[Exercise prompt]
What needs reproducing is the run of lines in the data below starting at the line with "Voor deze staande" and ending at the line with "Introduisez votre sphaigne", both ends included. Copy it exactly, without pictures, and add nothing.

[Records to use]
★ ★ ★ ★

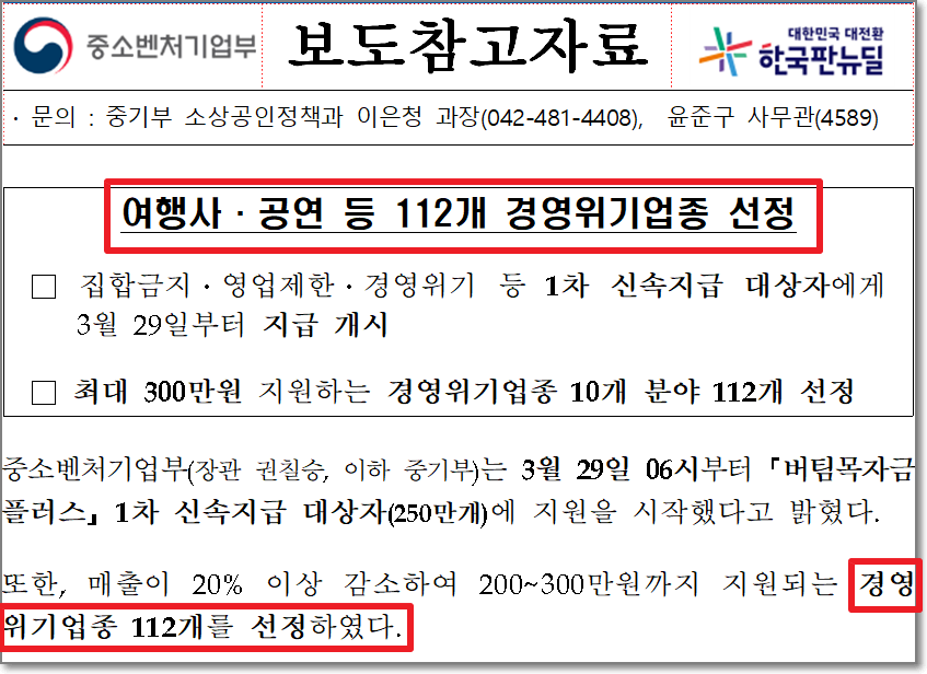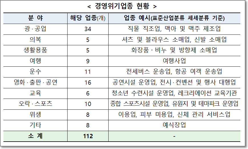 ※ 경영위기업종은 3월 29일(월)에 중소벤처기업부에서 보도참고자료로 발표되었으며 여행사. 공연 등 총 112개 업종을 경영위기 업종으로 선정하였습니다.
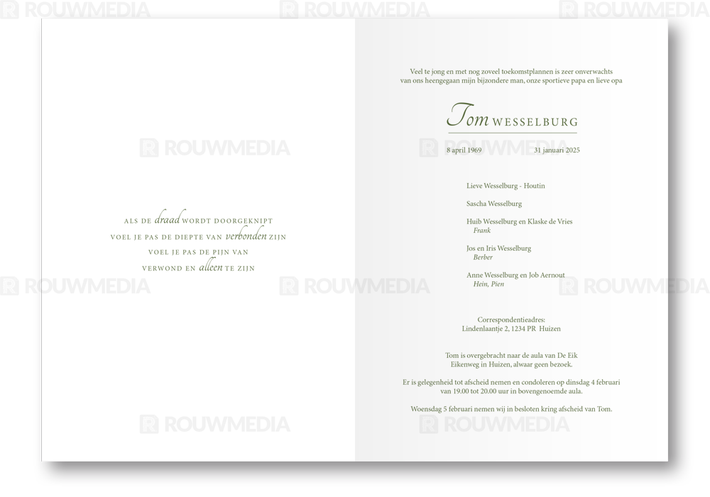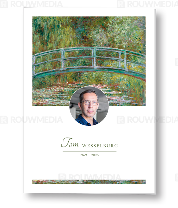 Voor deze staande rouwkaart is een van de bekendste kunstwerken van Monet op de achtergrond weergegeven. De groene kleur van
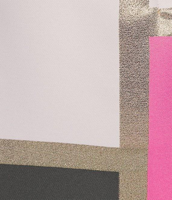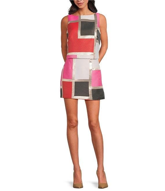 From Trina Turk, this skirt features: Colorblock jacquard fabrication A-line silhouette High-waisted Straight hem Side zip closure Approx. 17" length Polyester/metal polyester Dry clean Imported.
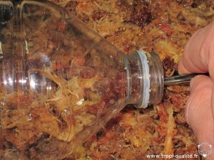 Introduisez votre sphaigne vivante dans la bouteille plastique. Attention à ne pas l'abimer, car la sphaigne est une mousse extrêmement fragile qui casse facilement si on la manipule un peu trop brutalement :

★ ★ ★ ★

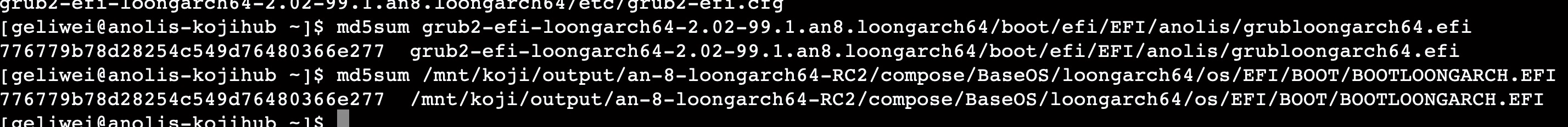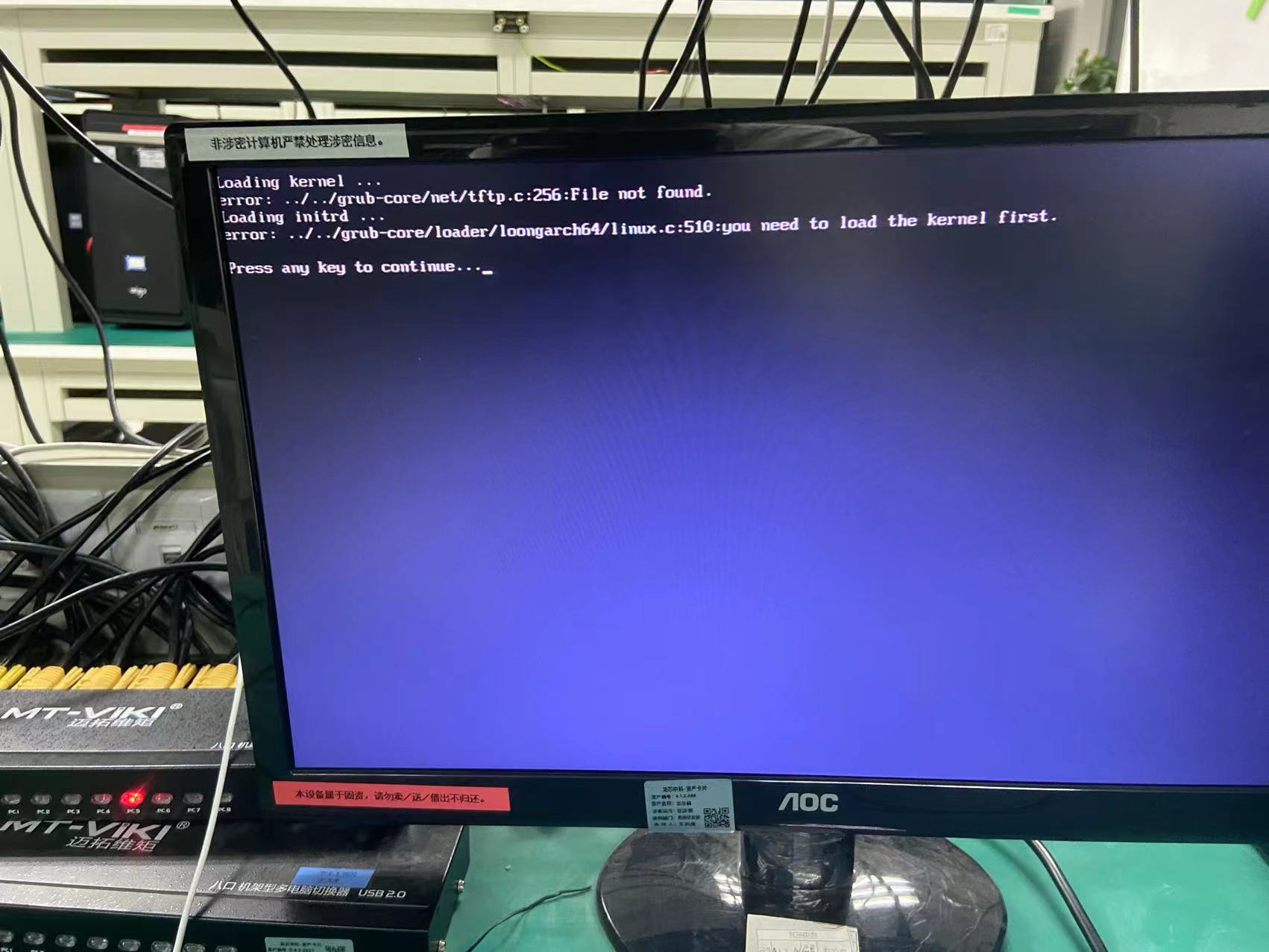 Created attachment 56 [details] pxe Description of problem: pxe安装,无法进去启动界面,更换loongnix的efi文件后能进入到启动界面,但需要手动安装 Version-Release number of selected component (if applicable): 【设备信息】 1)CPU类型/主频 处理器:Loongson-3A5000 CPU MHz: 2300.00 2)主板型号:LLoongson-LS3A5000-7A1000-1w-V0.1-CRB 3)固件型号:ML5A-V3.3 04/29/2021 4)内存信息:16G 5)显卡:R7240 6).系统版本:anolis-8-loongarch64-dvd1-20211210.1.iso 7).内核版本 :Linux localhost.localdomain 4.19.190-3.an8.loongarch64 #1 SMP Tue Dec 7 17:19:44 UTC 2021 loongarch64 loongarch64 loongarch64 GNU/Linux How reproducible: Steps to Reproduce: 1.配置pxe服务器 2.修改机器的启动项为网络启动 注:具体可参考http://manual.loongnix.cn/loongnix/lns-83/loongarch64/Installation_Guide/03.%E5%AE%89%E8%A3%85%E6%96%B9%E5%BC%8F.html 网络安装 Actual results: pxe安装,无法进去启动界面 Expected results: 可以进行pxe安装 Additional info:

★ ★ ★ ★

[Solution for this problem]
 Voor deze staande rouwkaart is een van de bekendste kunstwerken van Monet op de achtergrond weergegeven. De groene kleur van
 From Trina Turk, this skirt features: Colorblock jacquard fabrication A-line silhouette High-waisted Straight hem Side zip closure Approx. 17" length Polyester/metal polyester Dry clean Imported.
 Introduisez votre sphaigne vivante dans la bouteille plastique. Attention à ne pas l'abimer, car la sphaigne est une mousse extrêmement fragile qui casse facilement si on la manipule un peu trop brutalement :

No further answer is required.